By David N. Leff

Science Editor

With Thanksgiving Day only a month away, it's almost time to talk turkey.

That thought will divide Americans into two camps: Those who speak up for white meat, such as breast, and those who elect dark meat — drumstick or giblets. The latter, in fact, are voting for flesh rich in the pigment protein myoglobin, while the former prefer helpings with the lowest possible myoglobin level.

What they're both eating, of course is muscle, skeletal muscle, which empowers turkeys and other forms of life, high and low, to fly and run. Besides this peripheral musculature, there's heart muscle, which pumps the blood that carries the hemoglobin that distributes the oxygen that fuels the body's energy output.

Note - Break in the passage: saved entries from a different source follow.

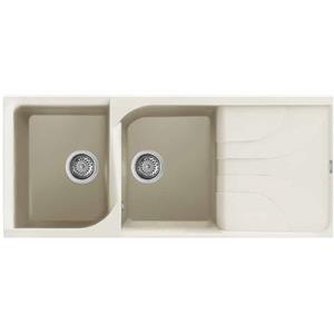 Elleci Ego 500 Lavello Incasso 2 Vasche 116 x 50 cm Granitek Bianco Antico con Gocciolatoio Reversibile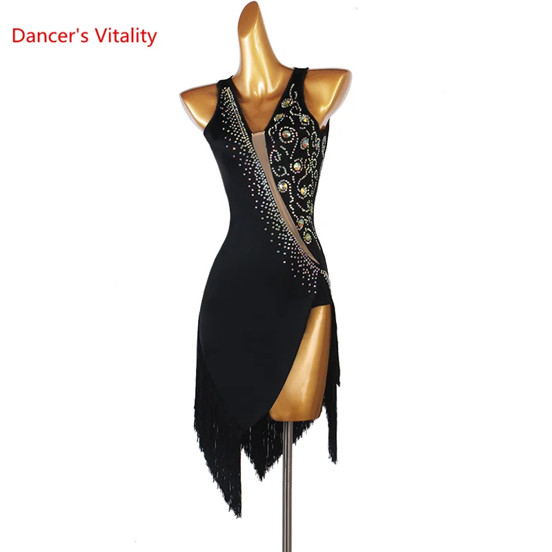 Женское платье для латинских танцев, черное платье для танцев, асси...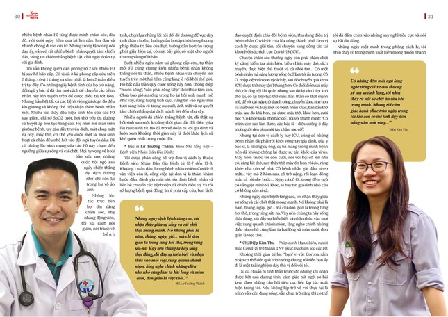 Chuyện chăm sóc thường ngày còn phải chăm chút kỹ càng, kiểm tra sinh hiệu, hiệu chỉnh máy thở, dịch truyền, thực hiện thủ thuật và cả nhồi tim… Có một bệnh nhân mà năng lượng sống ở cô làm tôi ấn tượng. Cô O. nhập viện vào đơn vị cách ly, sau đó chuyển qua khoa ICU, được thở máy tận 1 tháng hơn. Có thời điểm cai máy thở, rút ống nội khí quản nhưng sau đó lại vào 1 đợt khó thở lại, cô lại tiếp tục thở máy. Bản thân cô thật mạnh mẽ, để rồi cai máy thở thành công, chuyển khoa nhẹ hơn và xuất viện về. Hay một cô bệnh nhân khác, ban đầu thở máy, sau đó khá hơn, cai được máy thở, khỏe hơn, cười nói: “Cô khỏe lại là nhờ bác đó”. Tôi vội thanh minh: “Có mình con sao làm được, các bác sĩ - điều dưỡng ở đây mọi người đều phụ một tay chăm sóc cô”.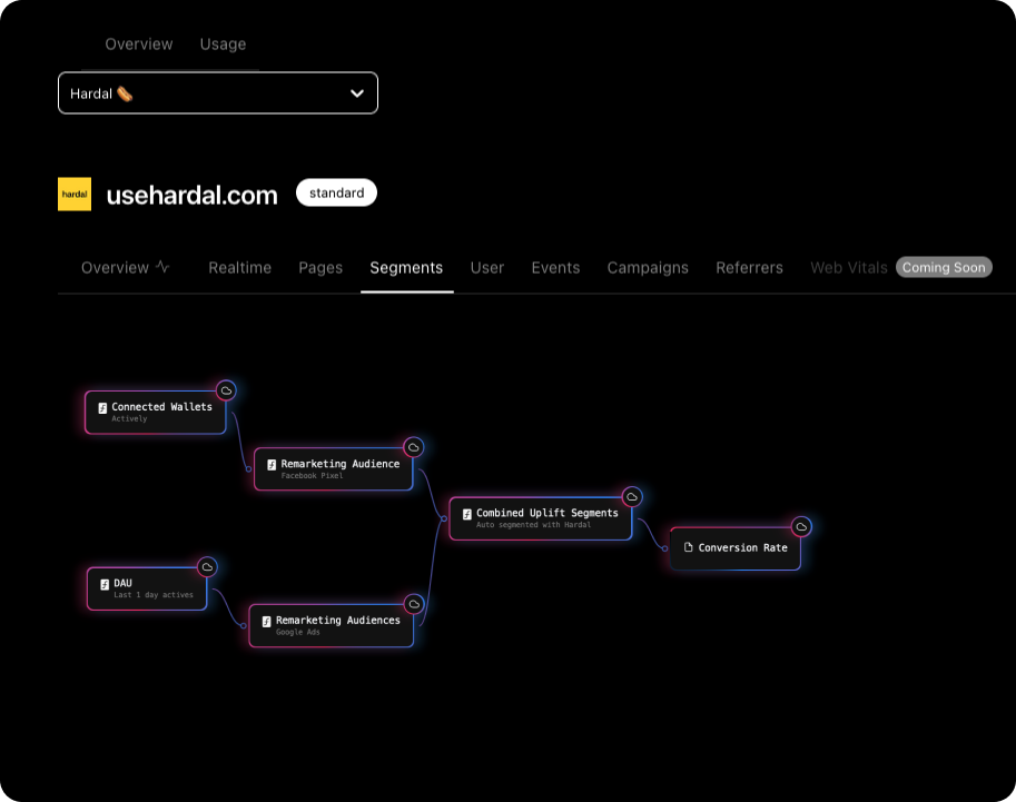 Hardal is a next-gen web and UX analytics platform that offers user-friendly, lightweight, and privacy-focused insights into web2 and web3 events tracking as cookieless for developers and marketers to optimize dApps or websites and understand the target audience on the blockchain without compromising privacy.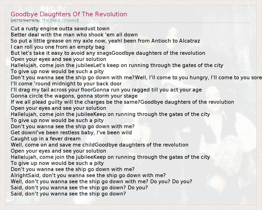 ГлавнаяИсполнителиThe Black CrowesGoodbye Daughters Of The Revolution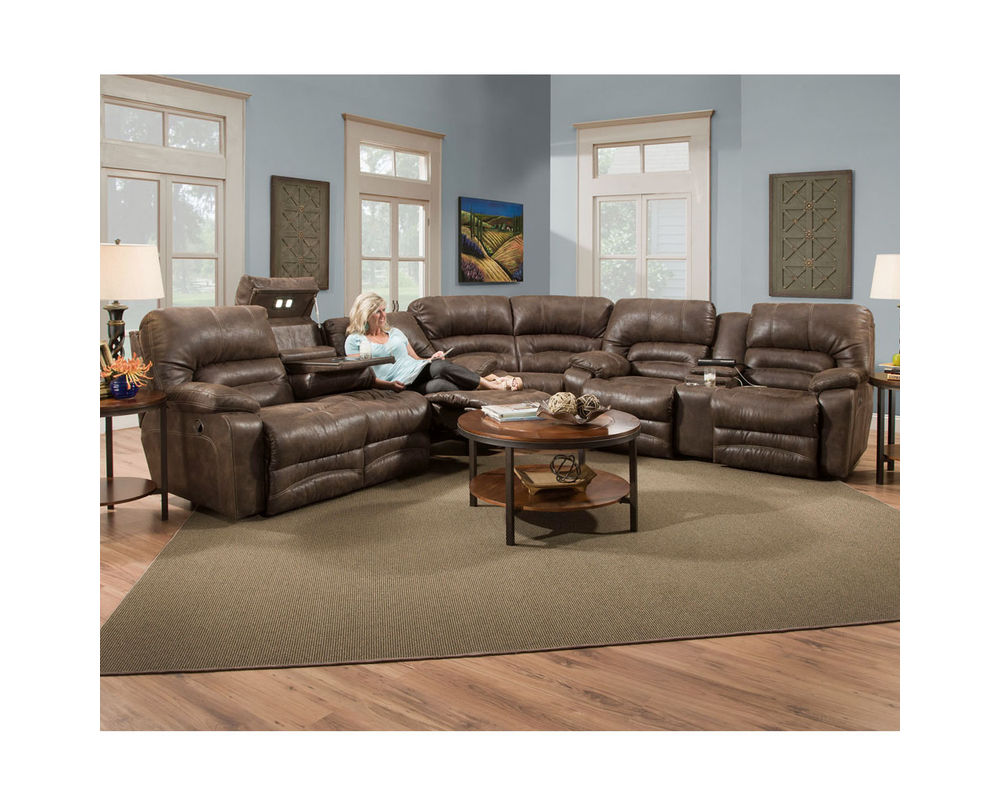 The Legacy 500 Reclining Sectional boasts a unique design that differentiates it from traditional sectionals. Its reclining sofa has a hidden table and lights, perfect for those cozy movie nights at home. The reclining loveseat features a convenient console with cupholders, making it easy to enjoy your favorite snacks and drinks while relaxing.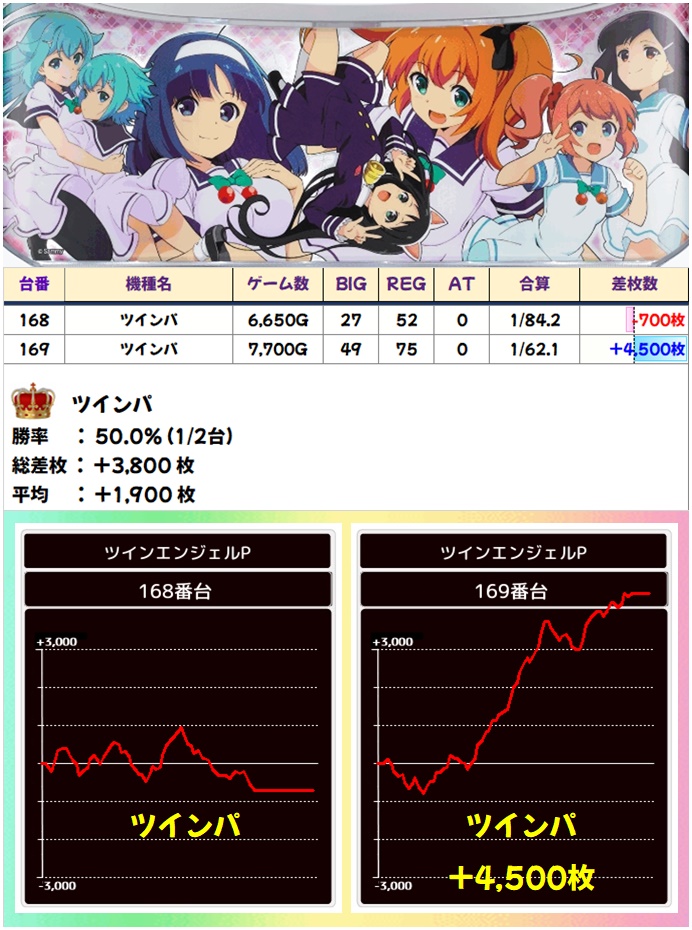 まずはツインパ!1台マイナスとなりましたが、粘られた可能性があるだけに示唆系が出ていた可能性大!プラスだった台は高挙動濃厚なだけに、こちらは全台系と予想します!

But what makes drumsticks dark and beefsteaks red is the iron oxide that makes up the rust-colored pigment of myoglobin. It's made only in the heart, and in the red form of skeletal muscle cells.

That protein stays out of the blood, where hemoglobin resides. Myoglobin transports oxygen from capillaries to the energy-dispensing mitochondria in heart and endurance muscle cells.

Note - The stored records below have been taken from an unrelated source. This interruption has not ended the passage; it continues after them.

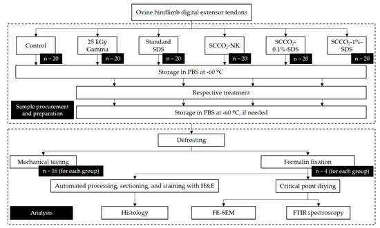 - Irani, M.; Lovric, V.; Walsh, W.R.J.C.; Banking, T. Effects of supercritical fluid CO2 and 25 kGy gamma irirradiation on the initial mechanical properties and histological appearance of tendon allograft. Cell Tissue Bank. 2018. [Google Scholar] [CrossRef]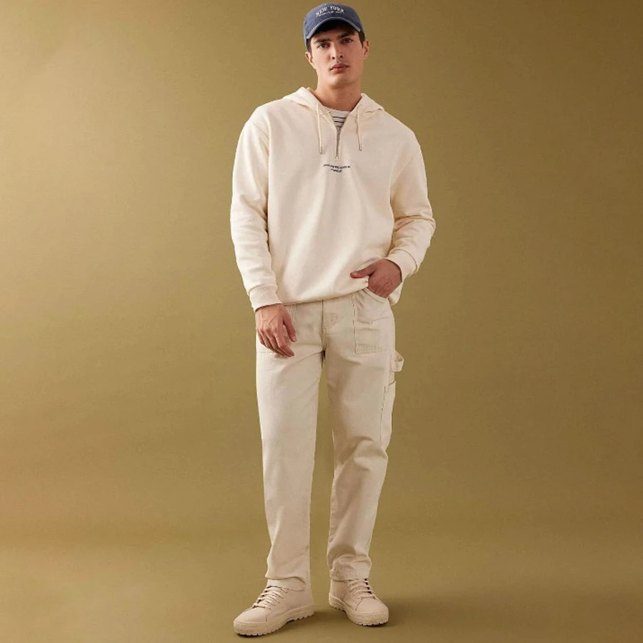 Oversized hoodie with wide fit, zipper detail, and printed back design, perfect for a casual sporty style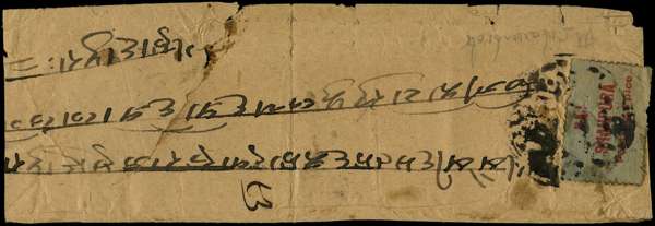 1914 -17 1p carmine on bluish grey paper (type 1) perf 11 on all sides, tied to long native envelope, cancelled by intaglio seal; cover quite creased and stained, affecting adhesive, still a rare item. Society of Philatelic Americans (SPA) Certificate (1981) ex Danforth Walker, SG 1

Unlike the complex, quadruple molecular network of the hemoglobins, myoglobin sports only a single heme-loaded molecule. Medical textbooks teach that stores of myoglobin supply muscles with oxygen to fuel short bursts of energy .

"We've been interested for a long time in the mechanisms by which muscle cells meet their metabolic demand," said research and clinical cardiologist R. Sanders Williams. "Particularly the hypothesis that a failure of oxygen delivery, and production of ATP, the energy molecule, is important to the pathogenesis of heart failure." Williams occupies an endowed chair in cardiovascular diseases at the University of Texas Southwestern Medical Center, in Dallas.

He is senior author of a paper in today's Nature, dated Oct. 29, 1998, succinctly titled, "Mice without myoglobin."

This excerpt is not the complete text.